*** INFORMATION PROVIDED

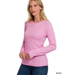 Zenana Ribbed Long Sleeve Round Neck T-Shirt
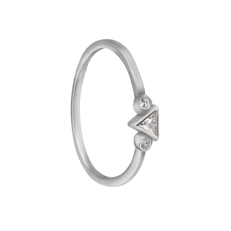 Anillo diseño circón triangulo con dos punto de luz plata 925
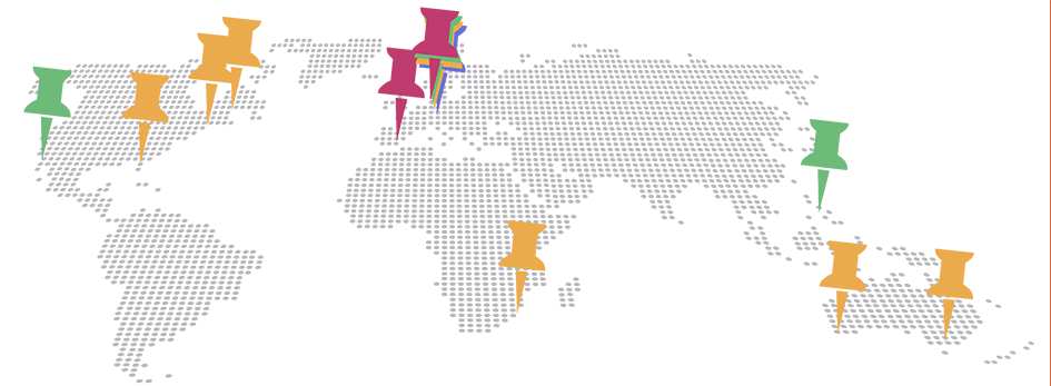 Oorsprong van de vier families in de 17e eeuw | Verspreiding van de vier famlies over de globus in de 21e eeuw | ||||||||||||
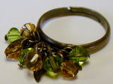 木の葉とドロップのビーズが手元で揺れる、とっても可愛いリングです。

******

→ **THE TASK**
Write the listing out again in full and unchanged, minus any pictures.

→ **SOLUTION TO THIS PROBLEM**
 Zenana Ribbed Long Sleeve Round Neck T-Shirt
 Anillo diseño circón triangulo con dos punto de luz plata 925
 Oorsprong van de vier families in de 17e eeuw | Verspreiding van de vier famlies over de globus in de 21e eeuw | ||||||||||||
 木の葉とドロップのビーズが手元で揺れる、とっても可愛いリングです。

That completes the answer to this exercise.